- [WHAT YOU WILL DO] Up to and including the line that holds "Ce carton présente", print the data exactly from its first line; do not print the pictures.

- [DATASET CONTENT]

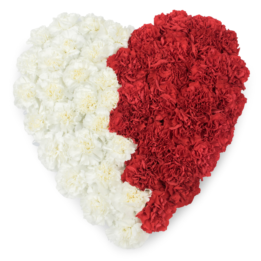 - Colors: Contrasting white and red carnations
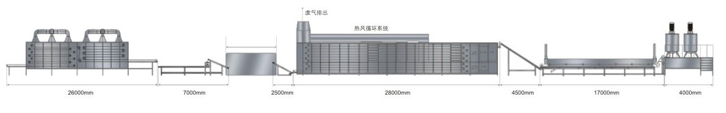 Rice Noodle is produced through this production line with belt spreading using sweet potato starch, mung bean starch and potato starch as raw material. Production procedure from material (starch) water mixing→ belt spreading→ paste forming→ pre-dry→ cooking→ noodle chop→ weight(man work)→ dry and molding→ cooling→ packing to finished products are all in one line. Main products produced by this production line include un-fried instant noodle series and healthy food series which are very popular in the market.
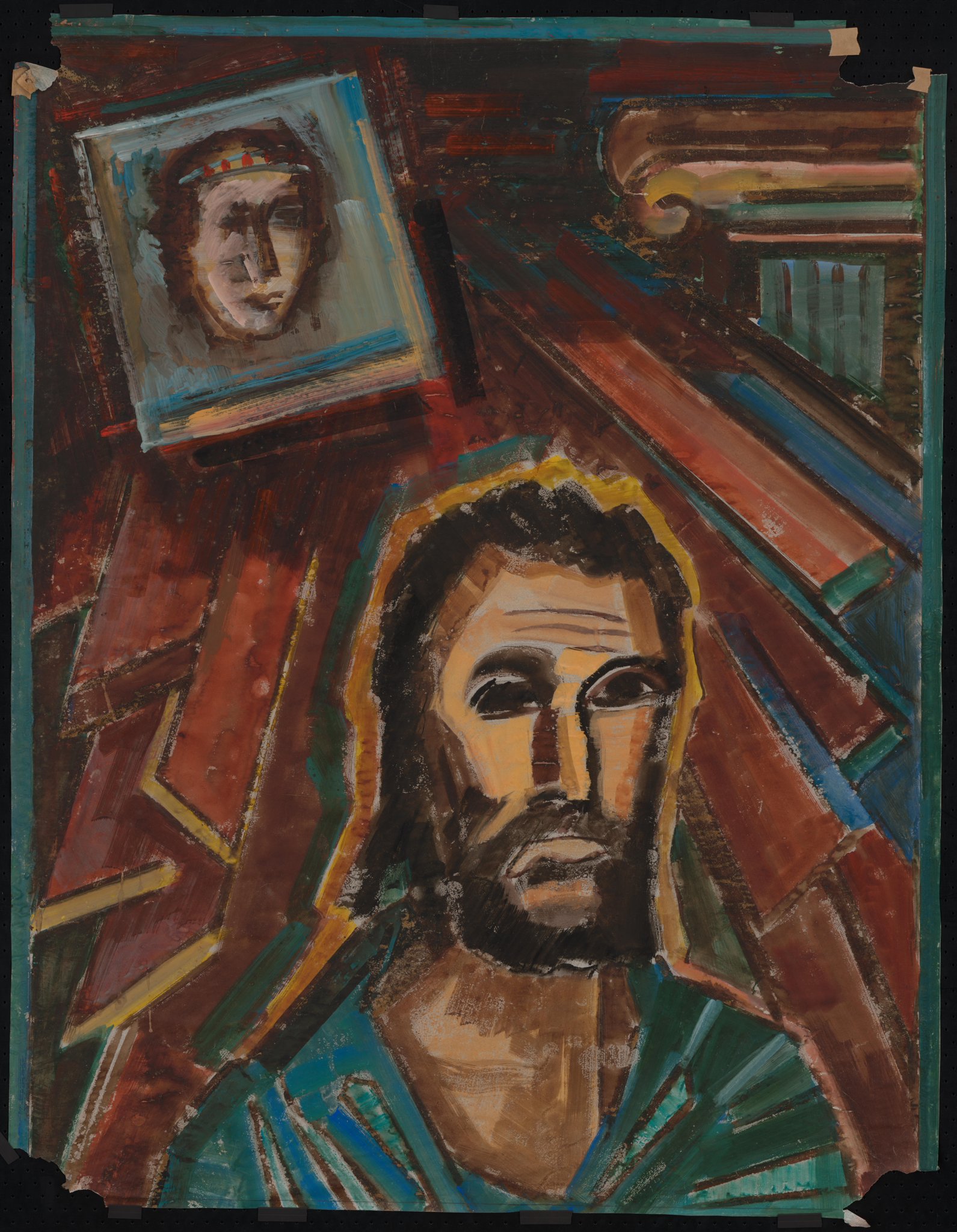 Ce carton présente quelques différences avec les vitraux, notamment dans le fond, qui est ici orné d'une colonne et d'un portrait, idée qui n'est finalement pas retenue.
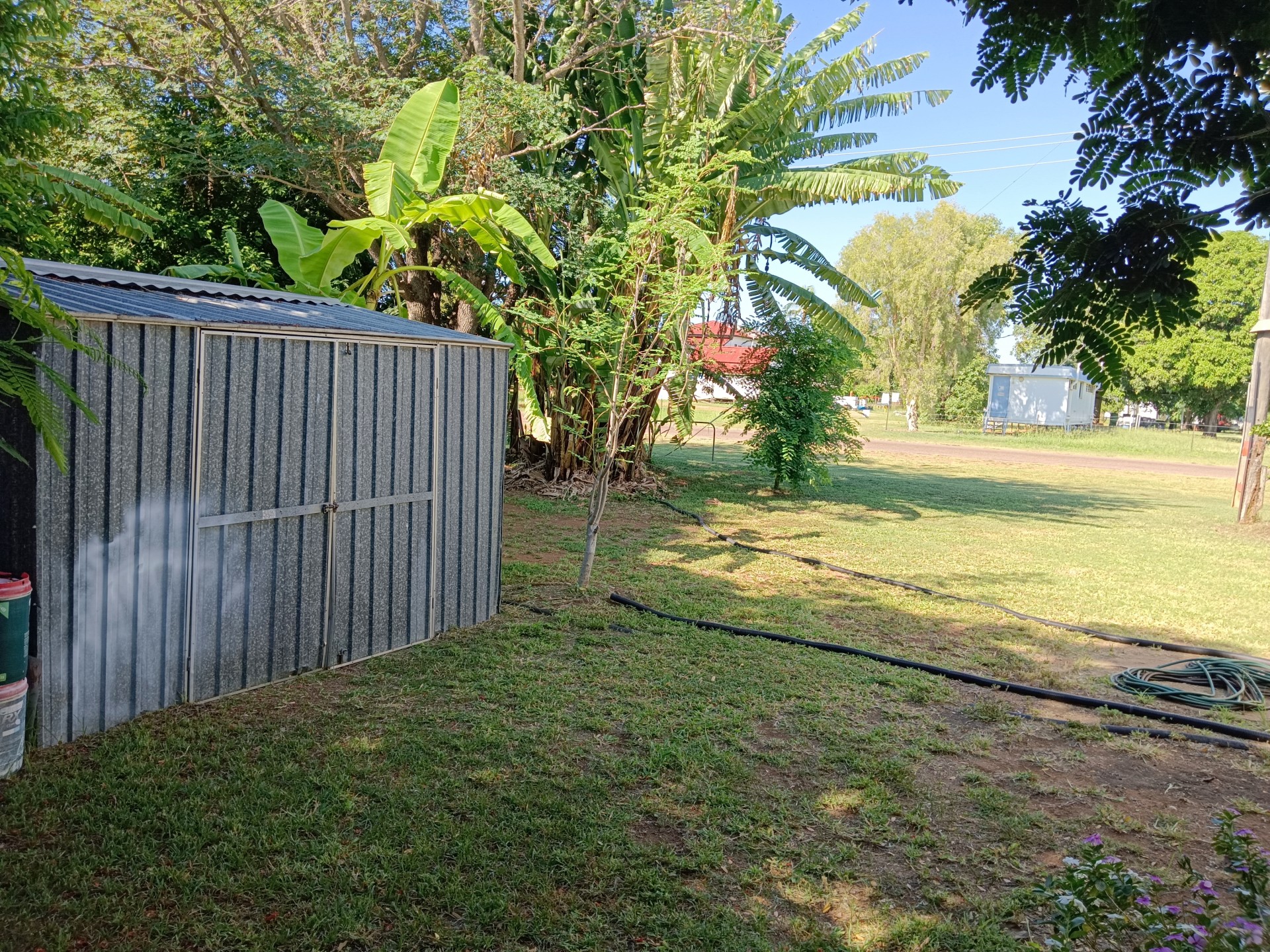Open sunny position for greenhouse/veggie growing (abundant vegetables have been grown here in Torrens Creek including pumpkin, white/purple sweet potato, all green leafies, cabbage, broccoli, cauliflower, carrots, ginger, tumeric, herbs, cucumbers, tomatoes, etc.
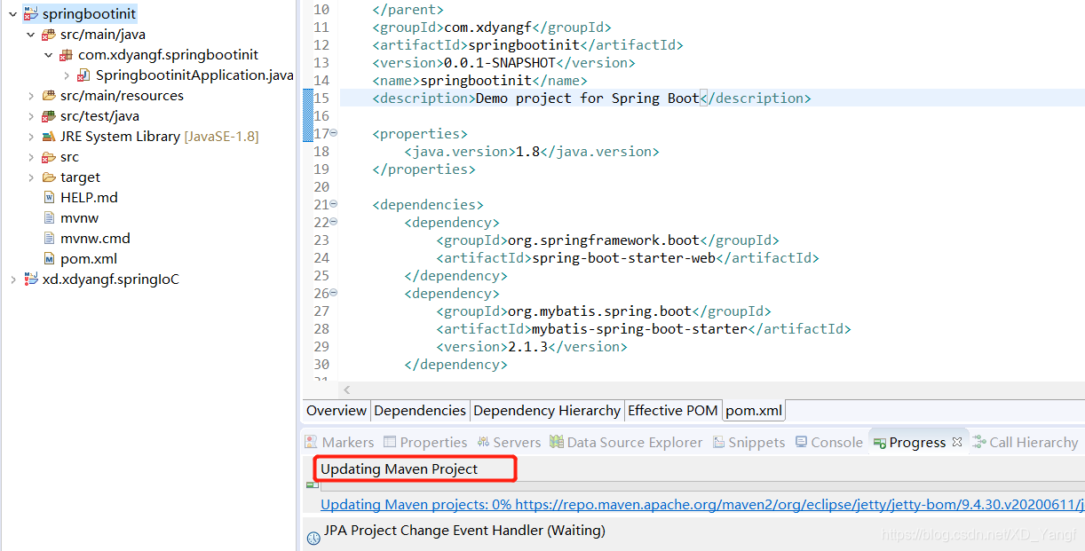 如下图所示,当springbootinit项目中所需的所有Maven依赖都正常下载之后,项目将不再报错。Eclipse资源管理器中的其他SpringBoot依然有爆红是因为,还没有对这些项目进行Maven更新,更新之后,也将恢复正常。
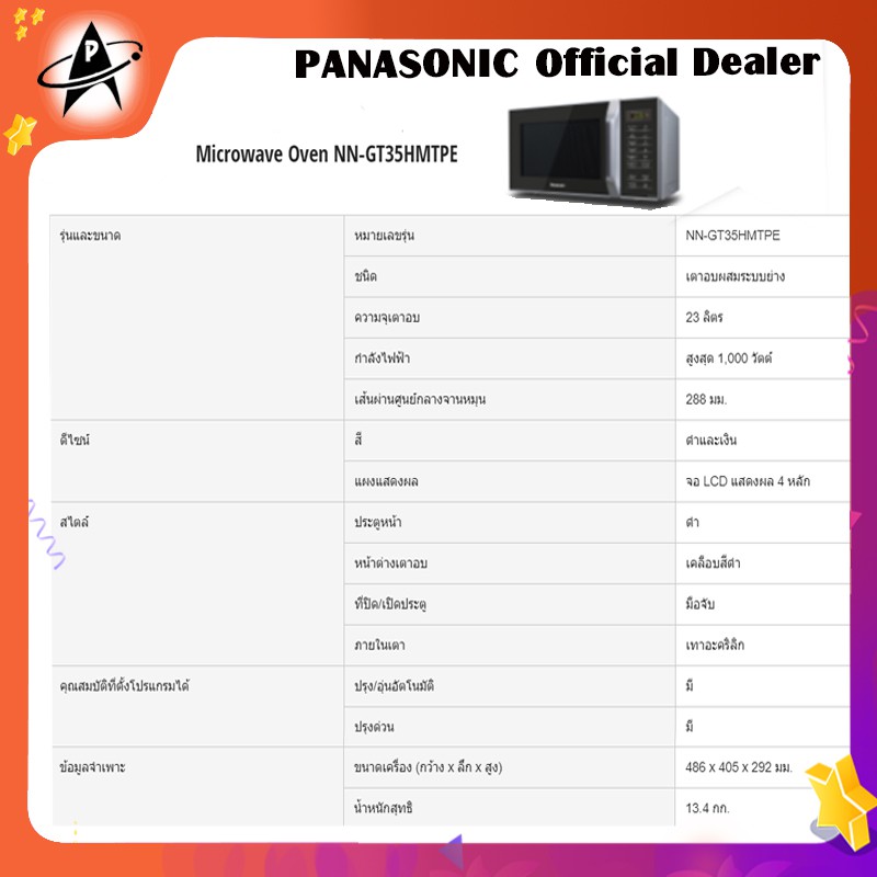 Microwave +Grill เตาอบ ไมโครเวฟ +ระบบย่าง พานาโซนิค รุ่น NN-GT35HMTPE ขนาด 23 ลิตร Panasonic
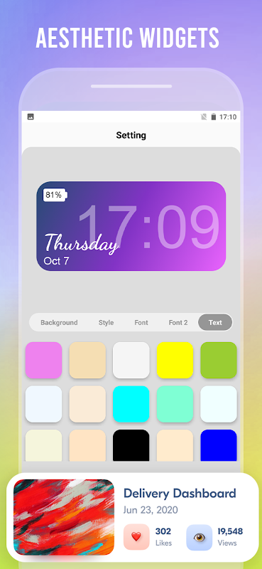 Customize every gadget aesthetic. Add pictures to your widgets, alter their text style, make your own color-conspire, thus considerably more. Successive updates continually add new widgets you'd love. With Color Widgets, there are no restrictions to redoing your Home Screen! Here is a brief look at our widgets:
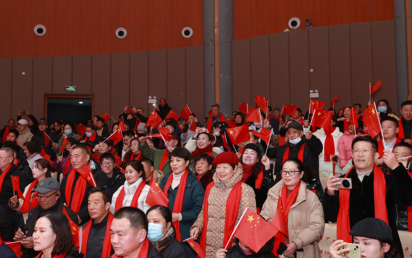 图为现场观众挥举旗帜合唱《歌唱祖国》。吴天元 摄
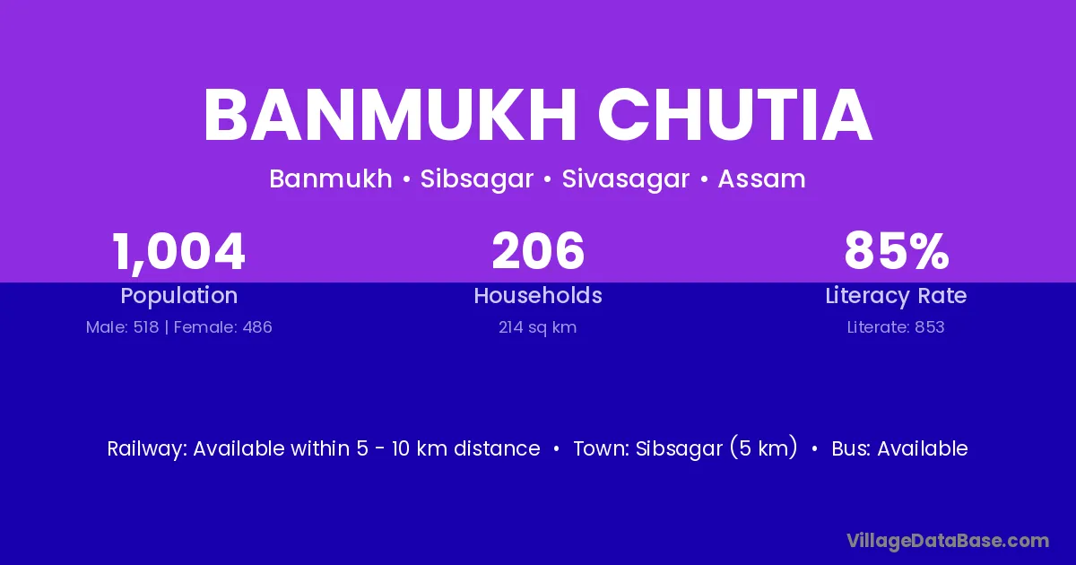 Sibsagar (5 km) is the nearest town to Banmukh Chutia village for major economic activities and is located approximately 5 km away.
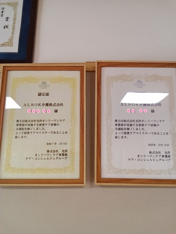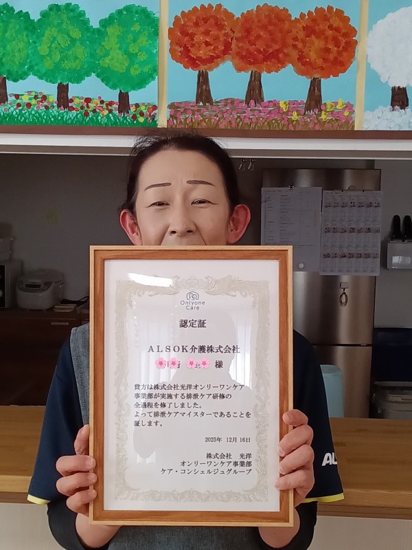 排泄ケアマスター取得しました〜٩(๑`^´๑)۶研修ではおむつの正しい知識と当て方、スキンケア技能を学びスタッフへの指導など、リーダーとして活躍してくれます。又「排泄ケアのプロ」として認められ、利用者様の快適性向上に貢献しています\(^o^)/

- [ANSWER]
 - Colors: Contrasting white and red carnations
 Rice Noodle is produced through this production line with belt spreading using sweet potato starch, mung bean starch and potato starch as raw material. Production procedure from material (starch) water mixing→ belt spreading→ paste forming→ pre-dry→ cooking→ noodle chop→ weight(man work)→ dry and molding→ cooling→ packing to finished products are all in one line. Main products produced by this production line include un-fried instant noodle series and healthy food series which are very popular in the market.
 Ce carton présente quelques différences avec les vitraux, notamment dans le fond, qui est ici orné d'une colonne et d'un portrait, idée qui n'est finalement pas retenue.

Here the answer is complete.